Product Context
Devalore Commerce is the company’s e-commerce platform, and the personalized recommendation modules on the home feed, product detail pages, and cart page are key drivers of conversion. Design an end-to-end recommendation system that helps shoppers discover relevant products while balancing relevance, freshness, and business constraints.
Scale
| Signal | Value |
|---|
| DAU | 18M |
| Peak recommendation QPS | 85K |
| Active catalog | 45M SKUs |
| New or updated SKUs/day | 1.2M |
| Avg recommendation slots/request | 20 |
| End-to-end p99 latency budget | 180ms |
Assume traffic is split across three major surfaces in Devalore Commerce: homepage recommendations, similar items on product detail pages, and cart cross-sell recommendations. Users generate implicit feedback such as impressions, clicks, add-to-cart, purchases, dwell time, and skips. Product metadata includes category, brand, price, discount, seller, inventory, and text/image embeddings computed offline.
Task
Design the recommendation system and explain the major tradeoffs. Address the following:
- Clarify the product goals, success metrics, and the differences across homepage, PDP, and cart recommendation surfaces.

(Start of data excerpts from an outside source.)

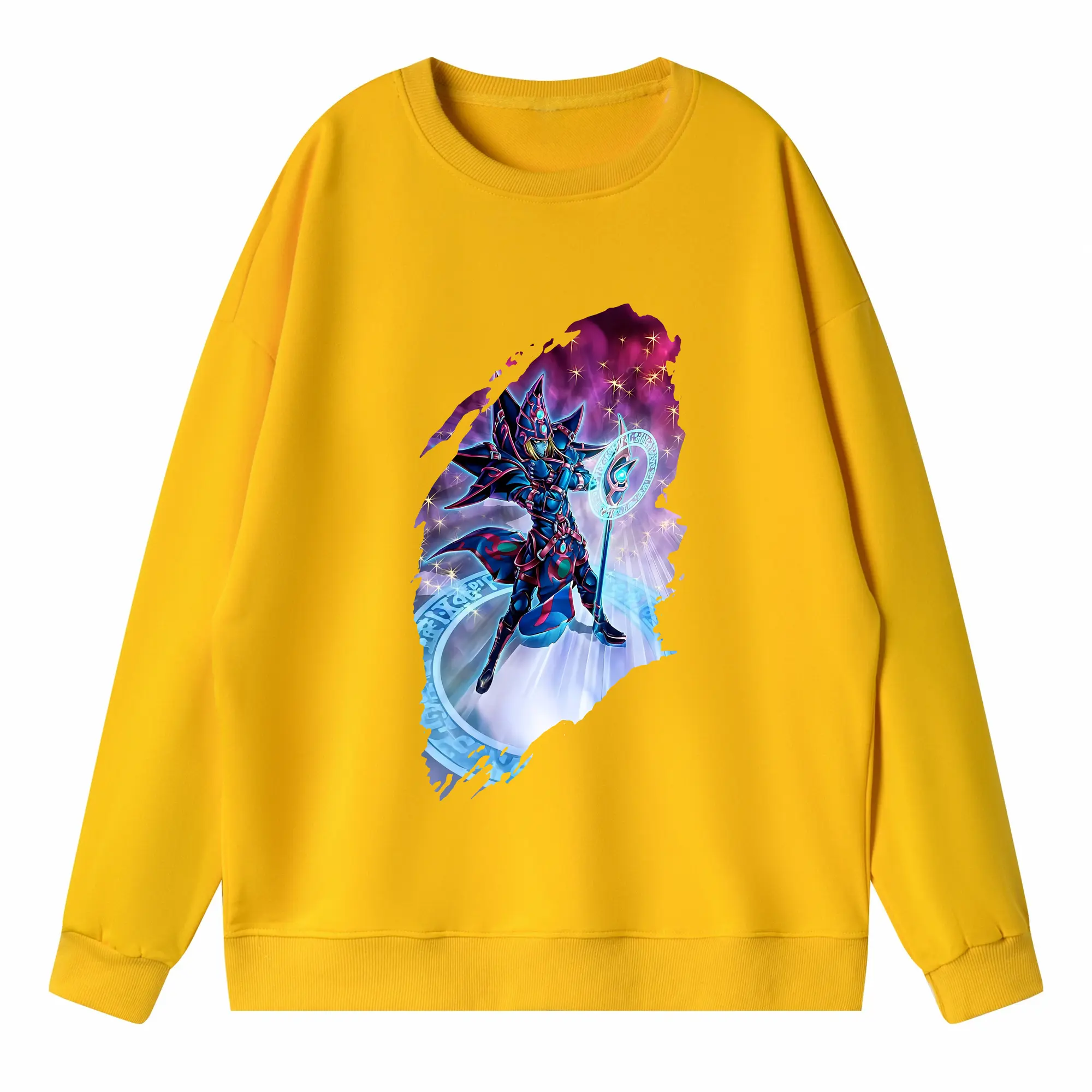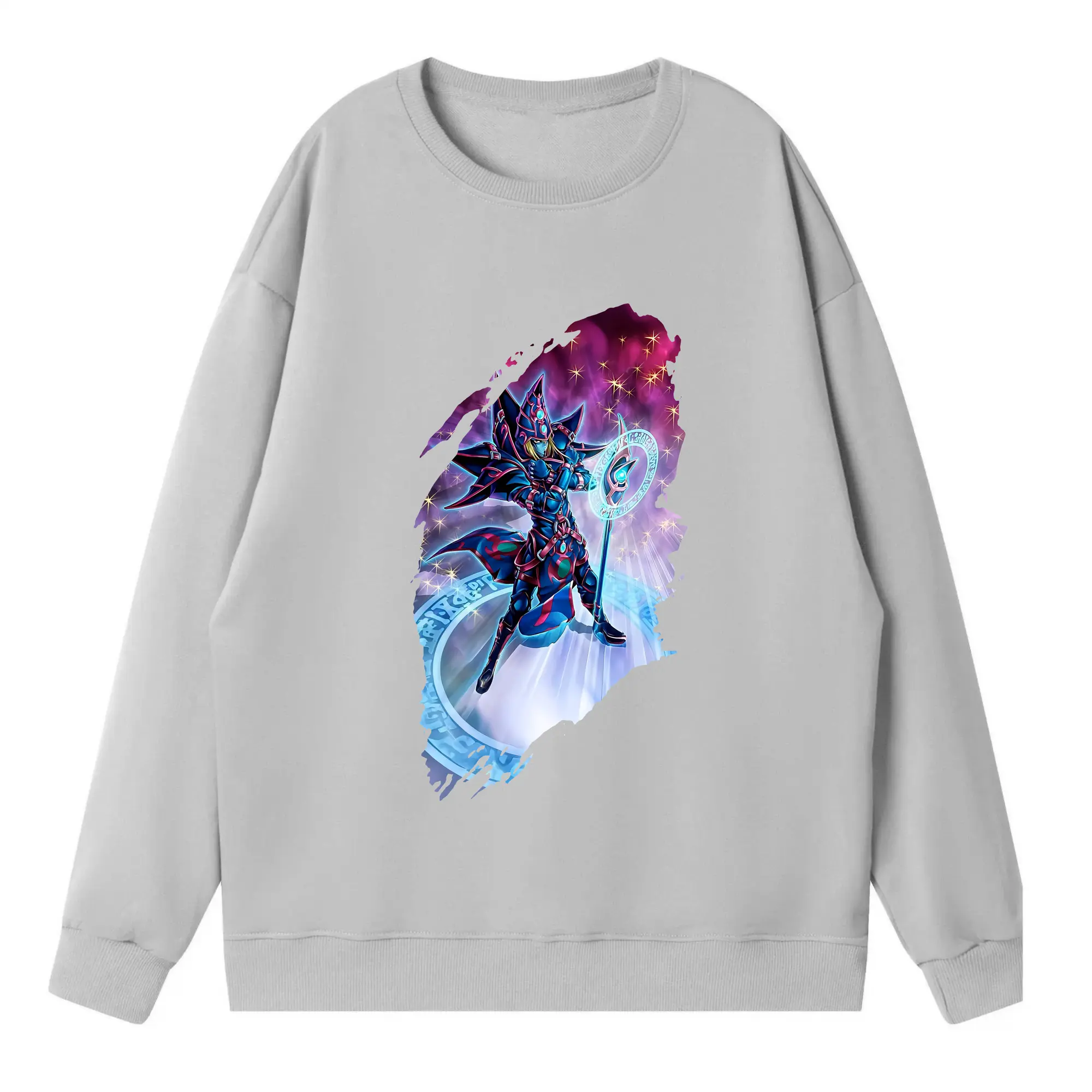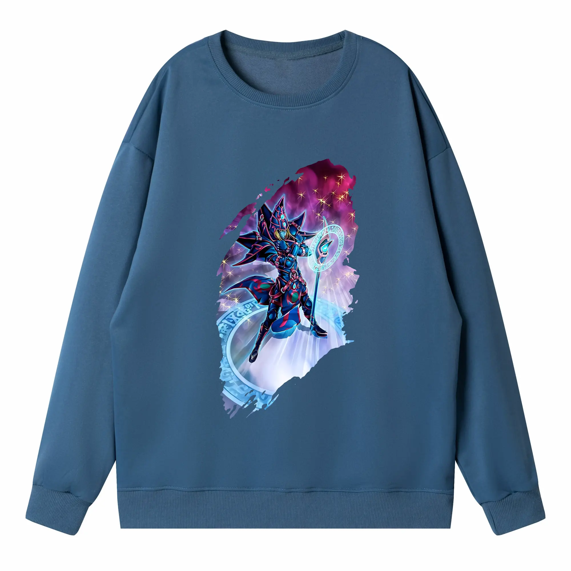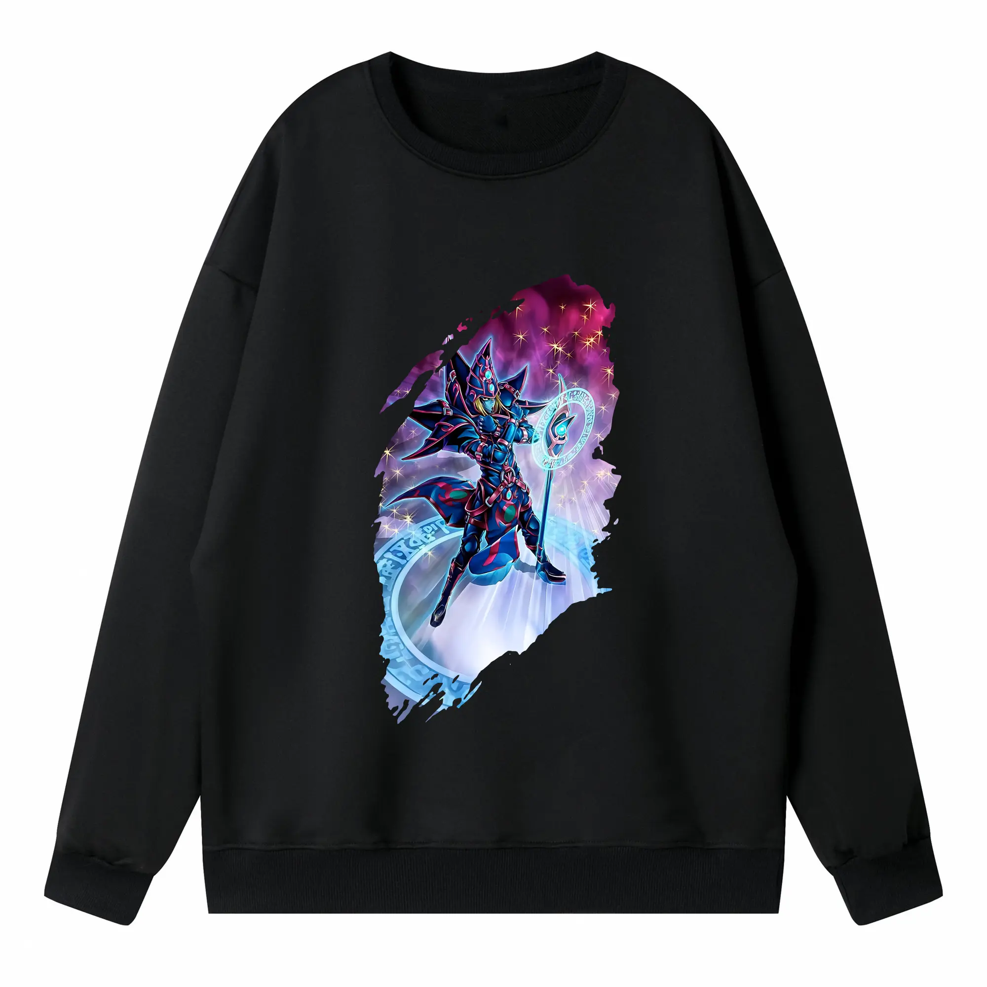 遊☆戯☆王 グッズ,ブラック・マジシャン - 高品質 クルーネック スウェット ・ コットン59% ポリエステル41% ・ ユニセックス 長袖 トレーナー ・ カジュアル デイリー スポーツ 散歩用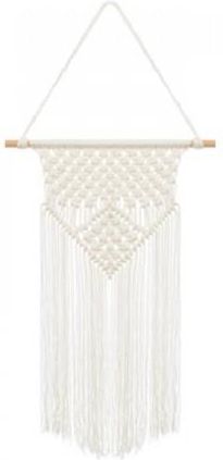 Makrama to szybki oraz oryginalny sposób na stworzenie pięknej dekoracji ślubnej, komunijnej i nie tylko, zarówno w pomieszczeniu jak i na zewnątrz. Dekoracja wykonana ze sznurka bawełnianego w kolorze złamanej bieli. Wymiary ok. 30 x 49cm.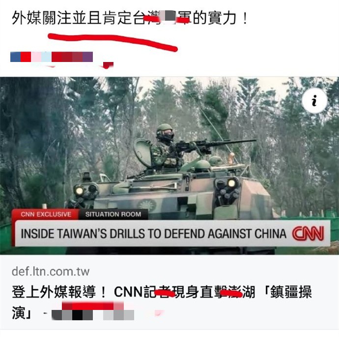 綜合台媒報道,這次實彈射擊主要是為了持續加強台軍在外島的防禦任務,并驗證台軍的實戰化訓練結果究竟如何。 值得一提的是,美國有線電視新聞網(CNN)還特意派記者前往澎湖,現場報道這場台軍所謂的“反空降”演習,并於22日公佈相關畫面,號稱要“讓全世界知道台軍守衛台海第一線的決心。” 該美國記者拱火不嫌事大,極力渲染兩岸軍事對峙的緊張局勢:“台軍假想解放軍傘兵空降佔領馬公機場,台軍如何盡快擊退解放軍的演練,而這種類型的演練,幾乎每天都會在澎湖群島進行,因為澎湖距離大陸的位置不到160公里,所以台軍也把這里當作是抵禦解放軍的最後一道防線。” 最後還不忘吹捧台軍,稱台灣擁有自研自製許多武器裝備的技術,并肯定台灣軍工產業鏈的能量。 台灣綠媒在這次報道中也是格外興奮,紛紛以“登上外媒報導!”為題進行報道。有綠媒還在社交媒體發文稱,“外媒關注并且肯定台軍的實力”!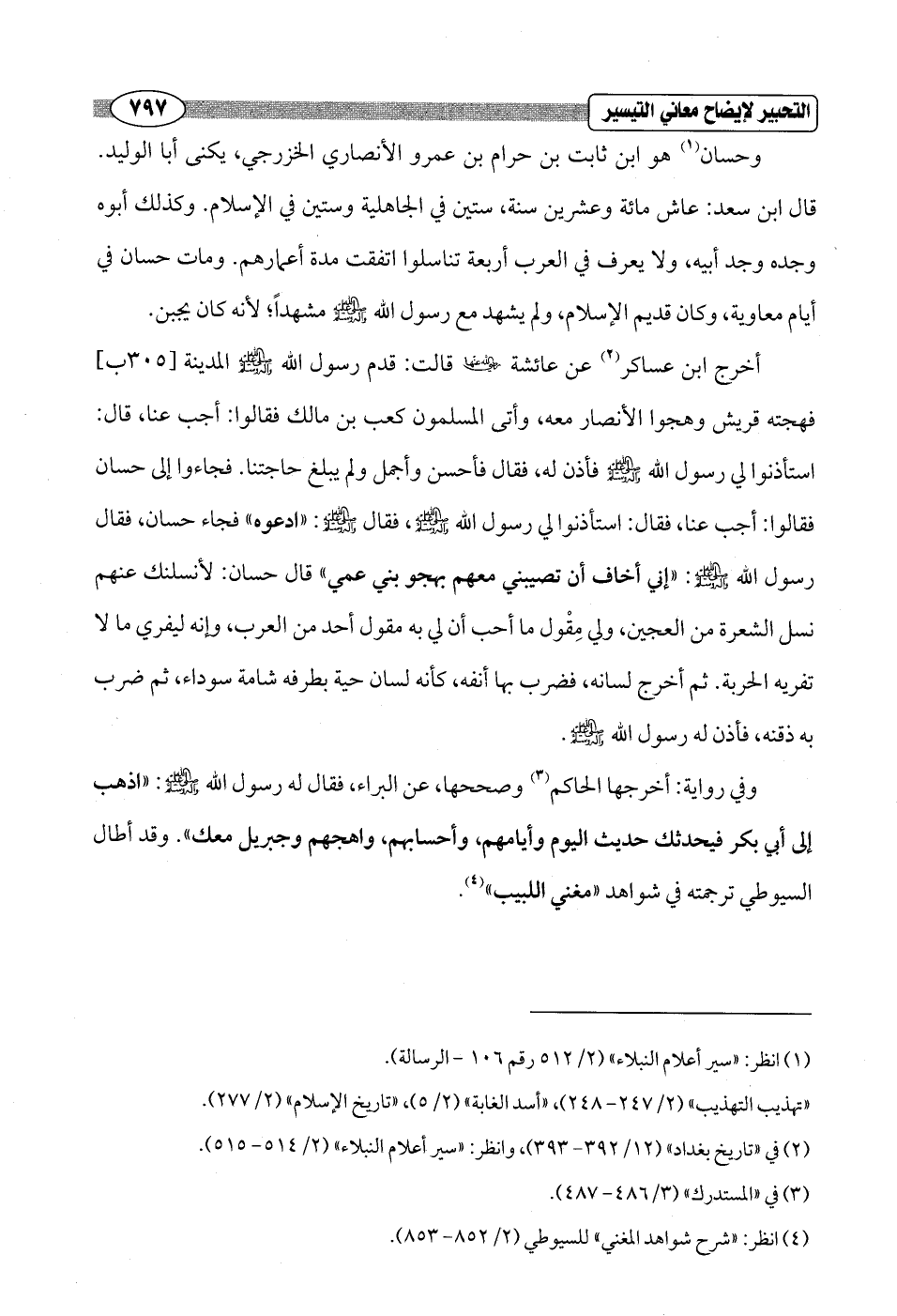 وفي رواية: أخرجها الحاكم (¬3) وصححها، عن البراء، فقال له رسول الله - صلى الله عليه وسلم -: "اذهب إلى أبي بكر فيحدثك حديث اليوم وأيامهم، وأحسابهم، واهجهم وجبريل معك". وقد أطال السيوطي ترجمته في شواهد "مغني اللبيب" (¬4).

- Propose a multi-stage architecture for candidate generation, ranking, and re-ranking, including how you would handle cold-start users and new products.
- Define the offline training pipeline, feature store strategy, label construction, and how you would avoid training-serving skew.
- Describe the online serving architecture, including latency budget allocation, caching, fallback behavior, and capacity planning at peak traffic.
- Define an evaluation plan covering offline metrics, online experiments, guardrails, and segment-level analysis.
- Identify likely failure modes at scale, including feature drift, stale inventory, popularity bias, and monitoring gaps.
Constraints
- Recommendations must exclude out-of-stock items and respect user-level blocked brands/sellers.
- Freshness matters: inventory, price, and promotions can change within minutes.
- Cost matters: the system should primarily run on CPU online; GPU use should be limited to offline training or a small high-value ranking tier.
- Compliance: do not use sensitive attributes directly for personalization.
- The system should degrade gracefully if personalization features are missing or delayed.